The case of Fairchild v. Bascomb, 35 Vt. 398, is in point. There a witness called by the plaintiff, having testified in chief that at a certain time he drew a will for Mrs. Clark at her request, was asked on cross-examination whether he did not draw that will at the request of John W. Baseomb, and whether he did not so testify before the Probate Court at a time and place named, all which he denied. The defendant was thereupon allowed to show that he did so testify before the Probate Court. This was held error, on the ground that the subject of the defendant’s inquiry was new matter, as to which he made the witness his own, and hence could not impeach him by showing his prior contradictory statements.

In Thornton’s Exrs. v. Thornton’s Heirs, 39 Vt. 122, the general rule was recognized, but an exception thereto was allowed in the case^of witnesses to the execution of a will, which the law compelled the proponents to call; and this is a well recognized exception by all the authorities.

We think that the “ anomalous circumstances ” of this case do *35not take it out of tho general rule. The plaintiff was properly allowed to repel the imputations that his witness had cast upon him, but the inquiry went too far when he was allowed to show the witness’ prior contradictory statements. Such evidence could have no other effect than to discredit the witness, and show him to be unworthy of belief; and we prefer to adhere to what we deem to be the well-settled rule of the common law on this subject, and leave it to the legislature to determine whether a different rule shall prevail, rather than follow the lead of those who would disregard the rule as not founded in reason.

The testimony to show that Hewett was “ somewhat intoxi- • cated ” when on his way to the House of Correction just before the shaving, was properly admitted.
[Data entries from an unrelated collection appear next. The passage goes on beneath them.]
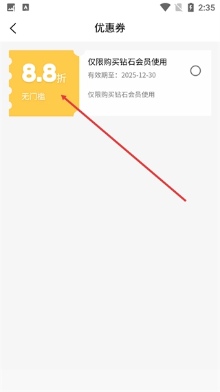 4、进入优惠券页面后,挑选带有【8.8折-无门槛】标识的优惠券,就能享受优惠购买商品的福利。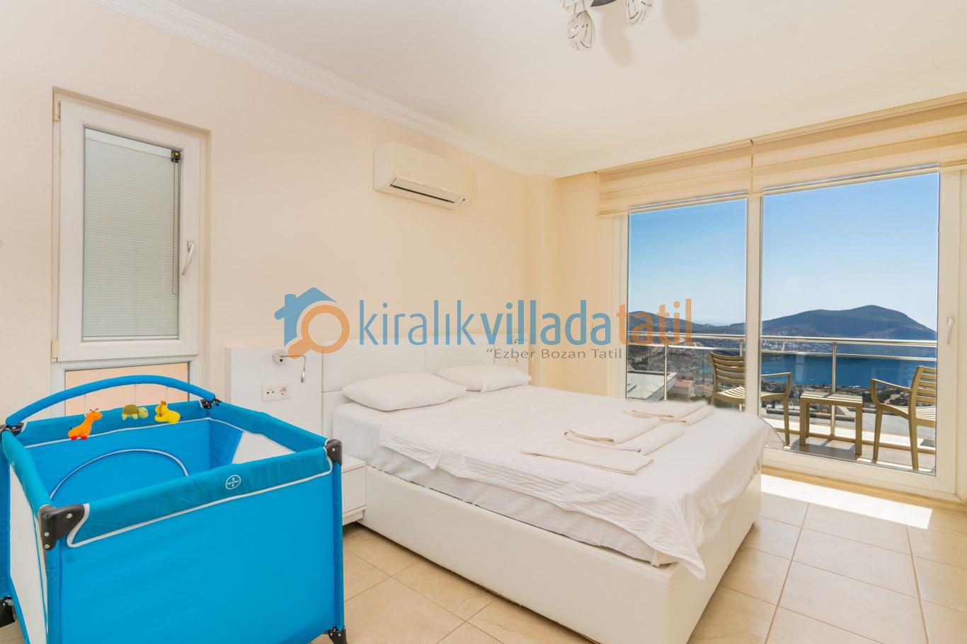 Tüm yatak odalarının banyo + WC ile donatılmış olması, lüks konaklama standardını üst seviyeye taşır. Villanın tamamı deniz manzarasına hâkimdir. Ana yatak odasında yer alan jakuzi, televizyon ve uydu sistemi, misafirlerin konforunu artıran ayrıcalıklı detaylar arasındadır. Villada 3 çift kişilik ve 4 tek kişilik yatak bulunmakta olup; talep eden konuklar için ücretli ekstra yatak, ayrıca portatif bebek yatağı ve mama sandalyesi temin edilebilir.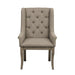 Designed for the modern traditional home, the Vermillion Collection is a light and airy take on the themes of classic style and refined elegance. Enhancing the distinct grain of oak veneer is a subtle bisque finish. Neutral-tone button-tufted fabric covers the arm chairs, each adorned with nailhead accent and coordinating wood legs.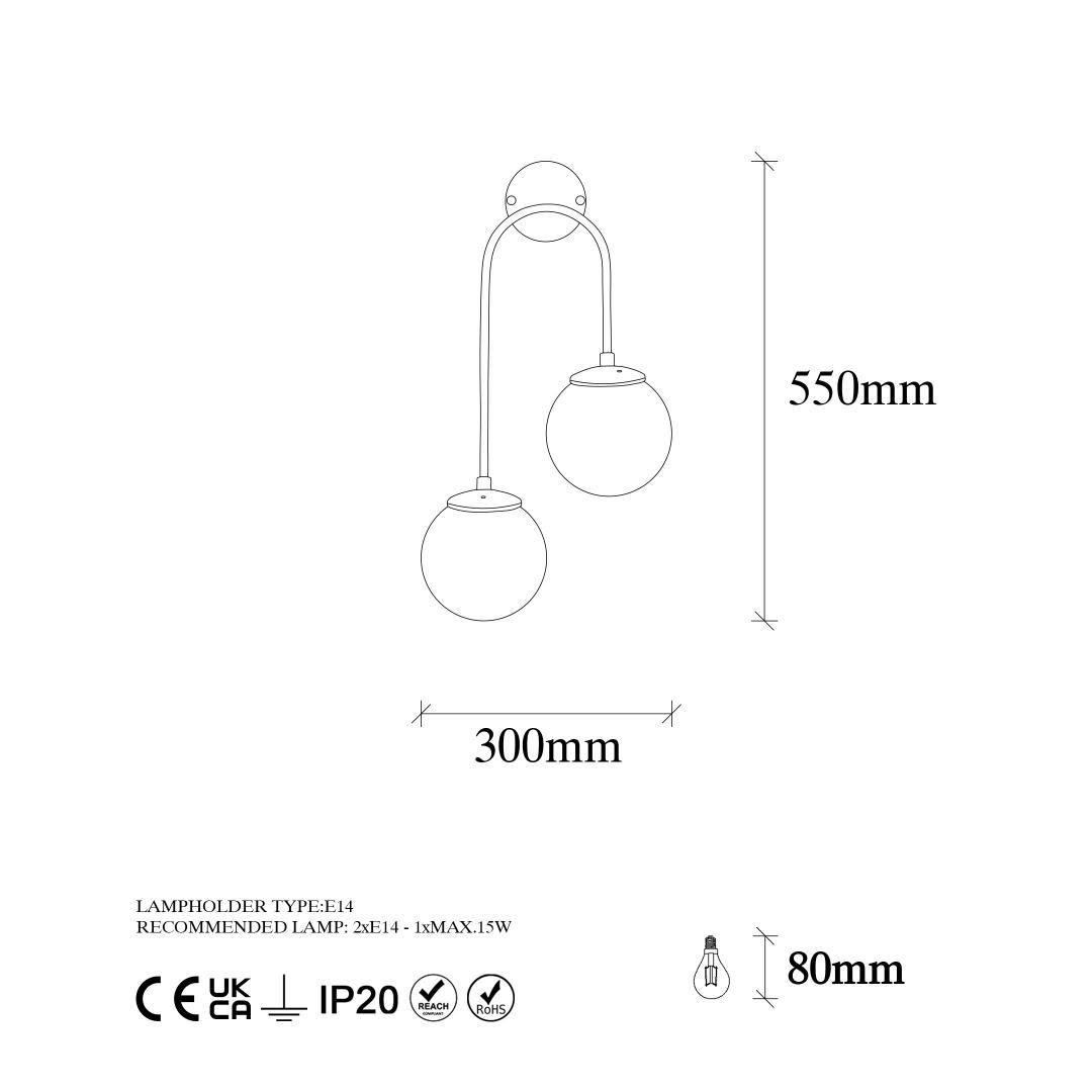 - Socket type: 2 x E14 Max 15 W for easy installation

He had deposed as to what took place in the guard-room at the time of the shaving, and the evidence of his intoxication was admitted as bearing on the state of his mind at that time, the accuracy with which, in that condition, he would be likely to observe and remember what in fact did take place, and the credit due to him as a witness. This is analogous to what was done in Fairchild v. Bascomb, where it was held competent to show that a witness was still affected by a disease of the brain that he had had a year before, as tending to show that his memory and judgment were less to be relied on than if he possessed full mental health and vigor. The degree of intoxication went only to the weight of the evidence, not to its admissibility. Wharton says that proof that a witness was drunk at the time of the event to which he testifies may be introduced to discredit him. 1 Whart. Ev. s. 418. See Hartford v. Palmer, 16 Johns. 143. It may be shown, also, that a witness was under the influence of opium when he testified or when the litigated event occurred. Indeed, stupefaction from any cause may always be shown to affect credibility. 1 Whart. Ev. s. 401.

As to the exclusion' of Gorry’s testimony, the exceptions do not disclose anything ón which error can be predicated. It does not appear what reply plaintiff made to Gorry’s question, so we cannot determine whether the evidence was competent or not.

The members of the court who were present at the January Term, 1881, when this case was before the court, think that the *36other questions raised by the exceptions were then determined against the defendants, and the reasons stated somewhat at length in an oral opinion by the late Chief Justice. We treat those questions, therefore, as res judicata, without undertaking to give the ground and reasons of the decision.

Judgment reversed, and cause remanded.